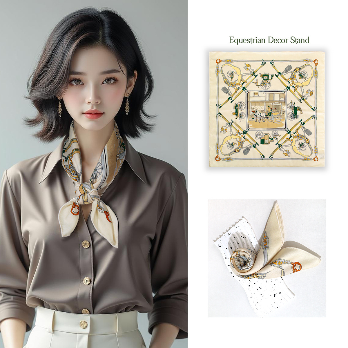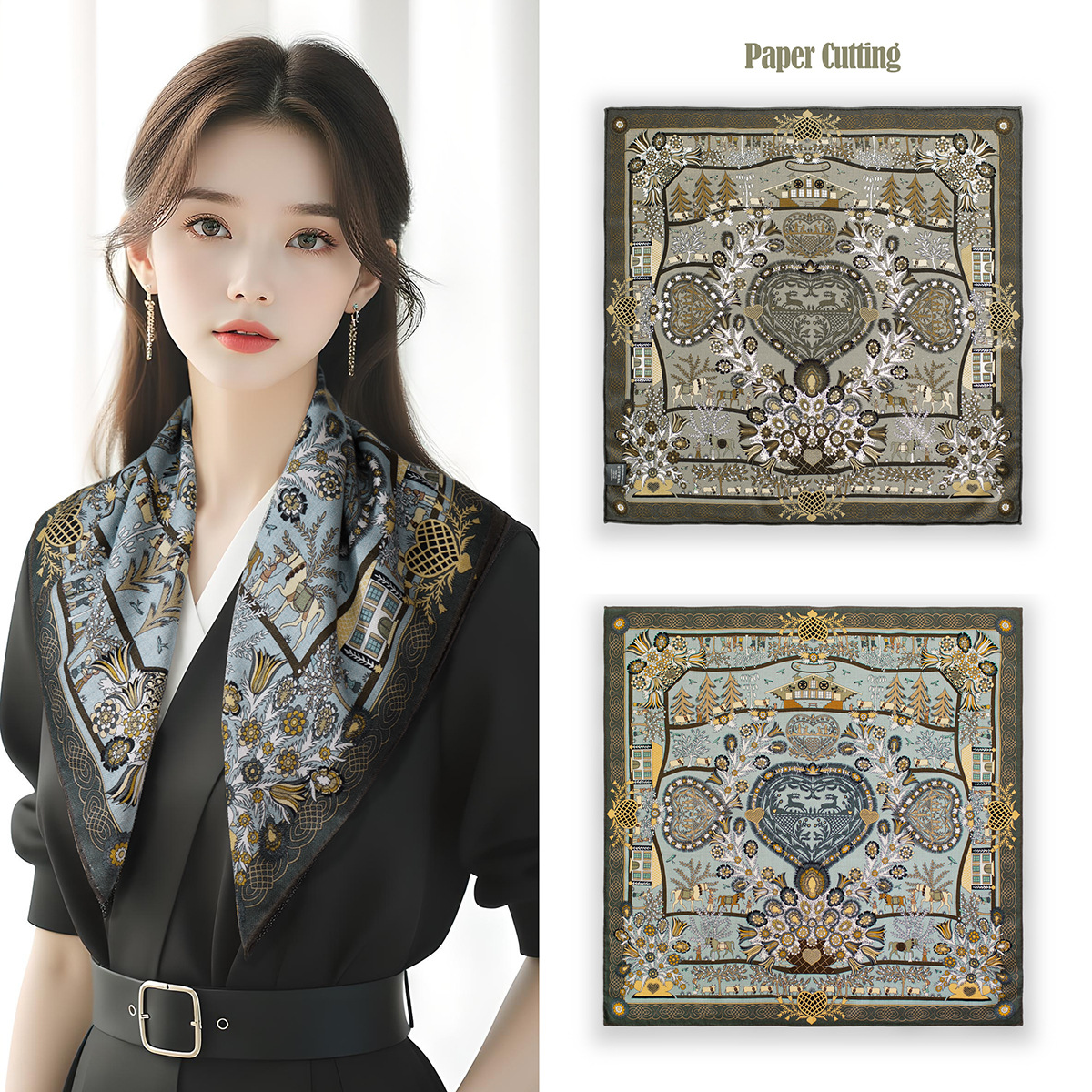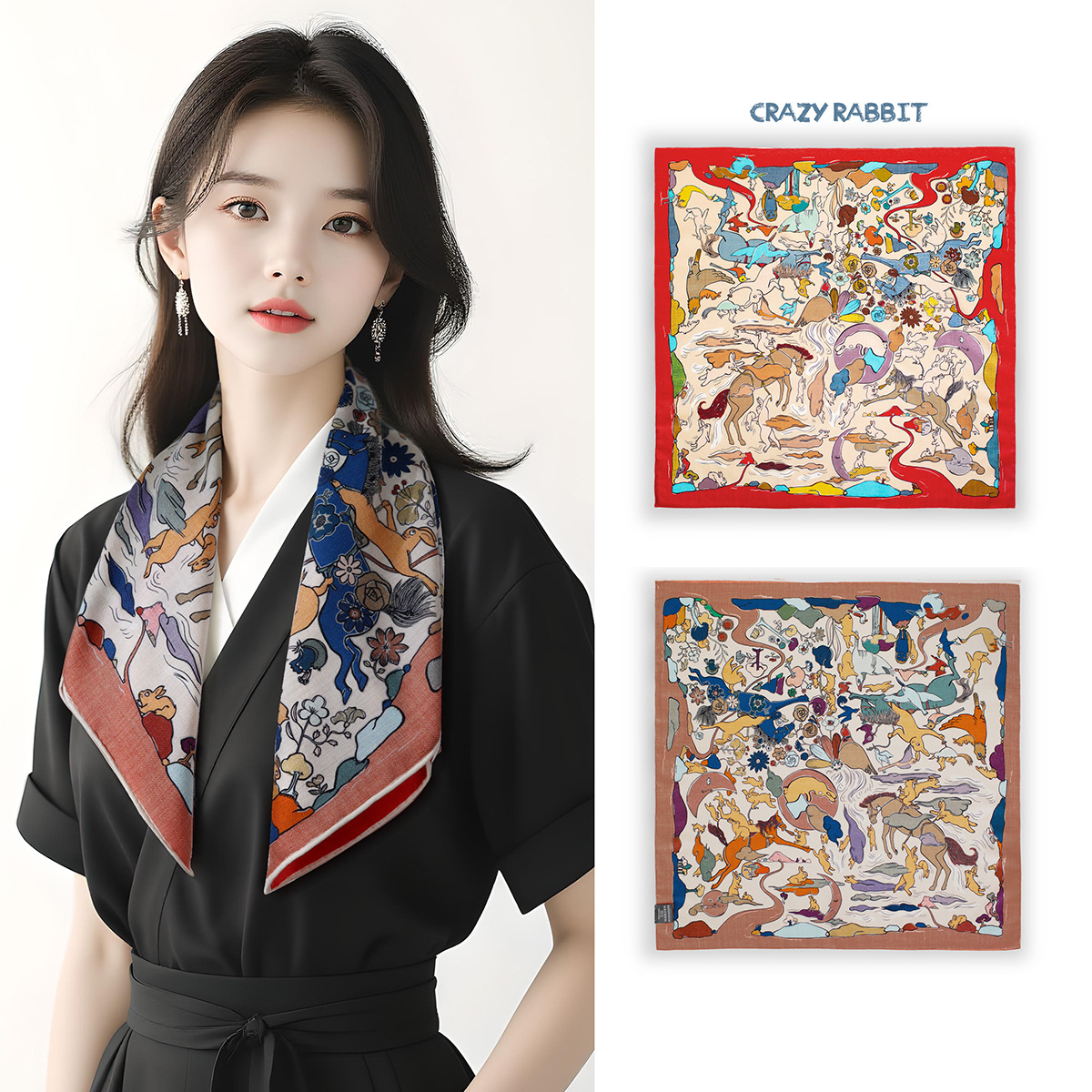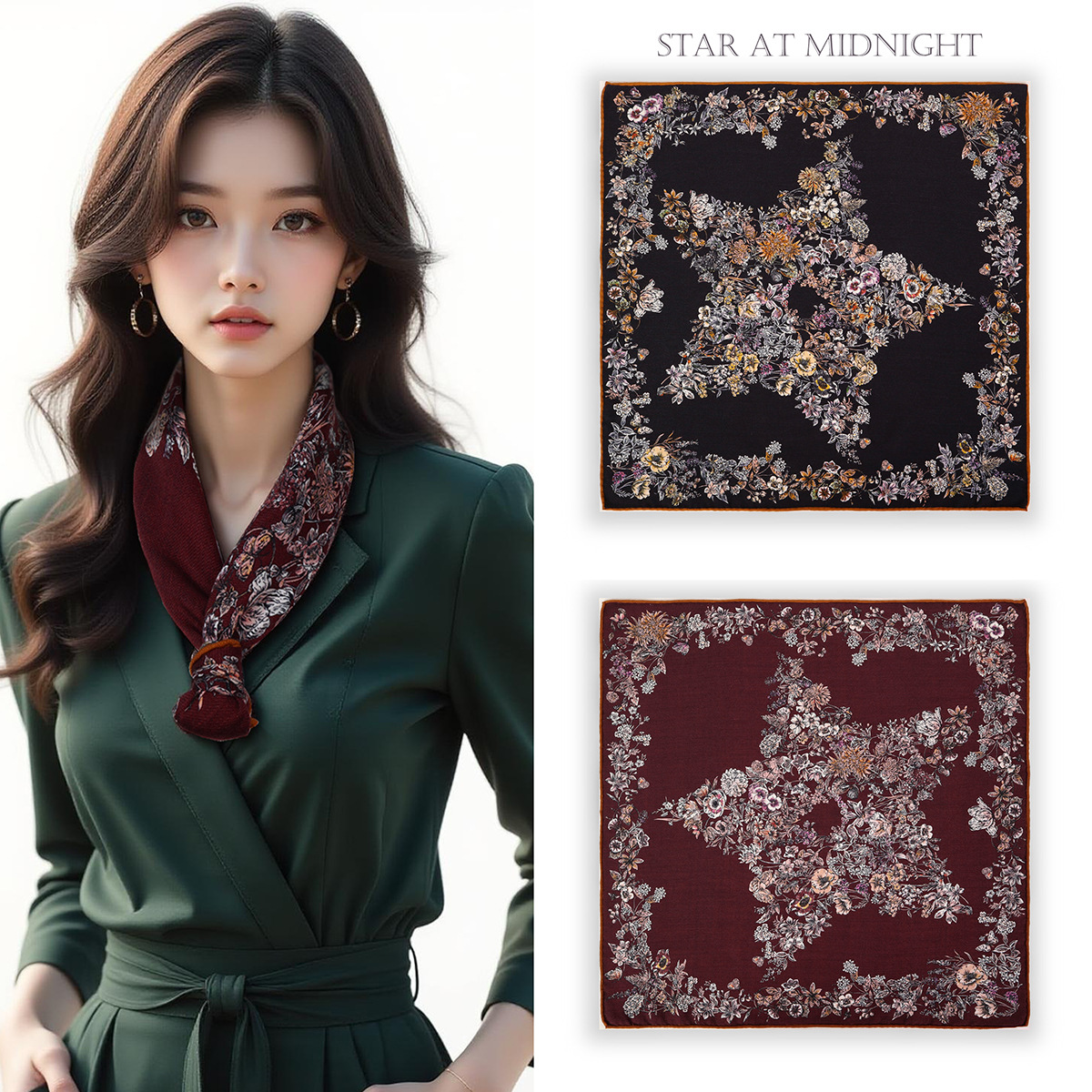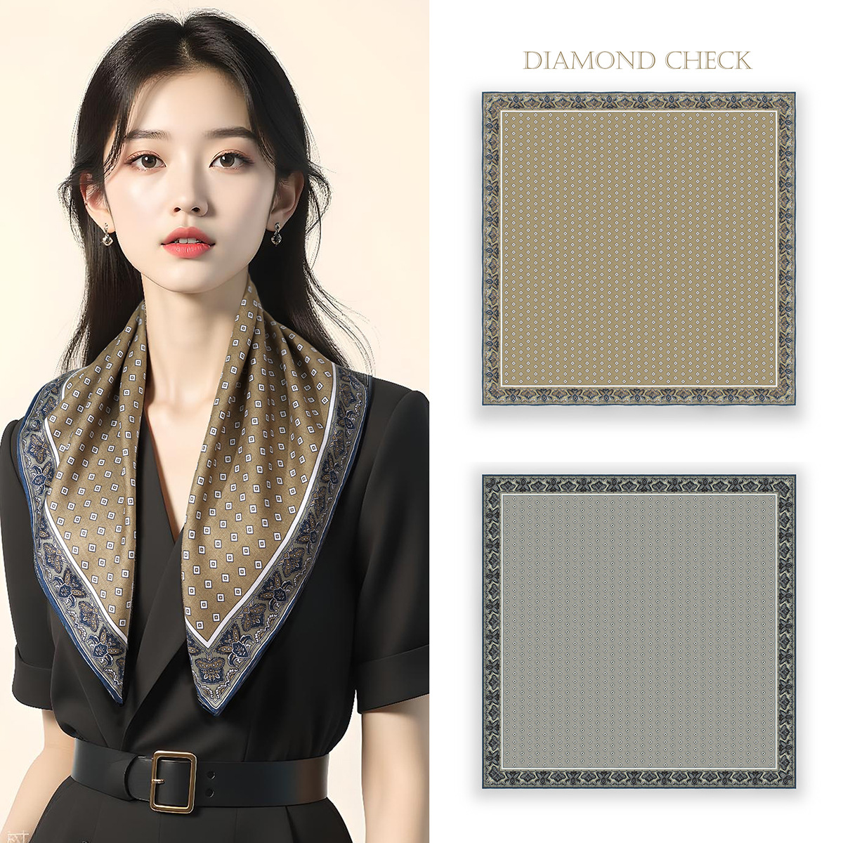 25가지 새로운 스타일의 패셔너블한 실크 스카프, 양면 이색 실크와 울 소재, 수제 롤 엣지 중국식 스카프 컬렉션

* * *

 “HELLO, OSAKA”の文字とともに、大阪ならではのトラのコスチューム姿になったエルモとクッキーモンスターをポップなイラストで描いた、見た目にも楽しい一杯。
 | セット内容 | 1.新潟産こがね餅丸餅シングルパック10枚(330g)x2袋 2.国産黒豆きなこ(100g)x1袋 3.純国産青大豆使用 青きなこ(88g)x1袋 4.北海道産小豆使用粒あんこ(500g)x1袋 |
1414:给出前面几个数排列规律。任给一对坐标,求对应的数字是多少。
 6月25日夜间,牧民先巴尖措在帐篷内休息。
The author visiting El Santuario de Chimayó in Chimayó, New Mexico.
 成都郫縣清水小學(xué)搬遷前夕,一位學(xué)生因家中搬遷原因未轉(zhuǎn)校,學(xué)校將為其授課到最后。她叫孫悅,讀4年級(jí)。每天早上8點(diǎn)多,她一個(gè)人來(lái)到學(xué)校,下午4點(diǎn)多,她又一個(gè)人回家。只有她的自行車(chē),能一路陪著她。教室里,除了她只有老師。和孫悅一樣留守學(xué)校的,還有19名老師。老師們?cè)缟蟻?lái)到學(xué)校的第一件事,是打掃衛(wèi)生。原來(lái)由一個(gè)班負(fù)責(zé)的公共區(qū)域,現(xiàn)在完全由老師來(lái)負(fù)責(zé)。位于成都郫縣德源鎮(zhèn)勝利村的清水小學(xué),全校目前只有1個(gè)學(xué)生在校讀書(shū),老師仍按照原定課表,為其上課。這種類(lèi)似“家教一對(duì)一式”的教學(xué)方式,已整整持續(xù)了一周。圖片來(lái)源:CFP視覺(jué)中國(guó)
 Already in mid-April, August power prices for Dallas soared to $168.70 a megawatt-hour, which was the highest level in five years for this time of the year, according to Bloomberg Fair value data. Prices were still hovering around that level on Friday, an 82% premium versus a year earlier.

**Try it**
From the line containing "The author visiting" down to the line containing "Already in mid-April, August" in the material above, reproduce every line exactly, including the two end lines.

**Result for this task**
The author visiting El Santuario de Chimayó in Chimayó, New Mexico.
 成都郫縣清水小學(xué)搬遷前夕,一位學(xué)生因家中搬遷原因未轉(zhuǎn)校,學(xué)校將為其授課到最后。她叫孫悅,讀4年級(jí)。每天早上8點(diǎn)多,她一個(gè)人來(lái)到學(xué)校,下午4點(diǎn)多,她又一個(gè)人回家。只有她的自行車(chē),能一路陪著她。教室里,除了她只有老師。和孫悅一樣留守學(xué)校的,還有19名老師。老師們?cè)缟蟻?lái)到學(xué)校的第一件事,是打掃衛(wèi)生。原來(lái)由一個(gè)班負(fù)責(zé)的公共區(qū)域,現(xiàn)在完全由老師來(lái)負(fù)責(zé)。位于成都郫縣德源鎮(zhèn)勝利村的清水小學(xué),全校目前只有1個(gè)學(xué)生在校讀書(shū),老師仍按照原定課表,為其上課。這種類(lèi)似“家教一對(duì)一式”的教學(xué)方式,已整整持續(xù)了一周。圖片來(lái)源:CFP視覺(jué)中國(guó)
 Already in mid-April, August power prices for Dallas soared to $168.70 a megawatt-hour, which was the highest level in five years for this time of the year, according to Bloomberg Fair value data. Prices were still hovering around that level on Friday, an 82% premium versus a year earlier.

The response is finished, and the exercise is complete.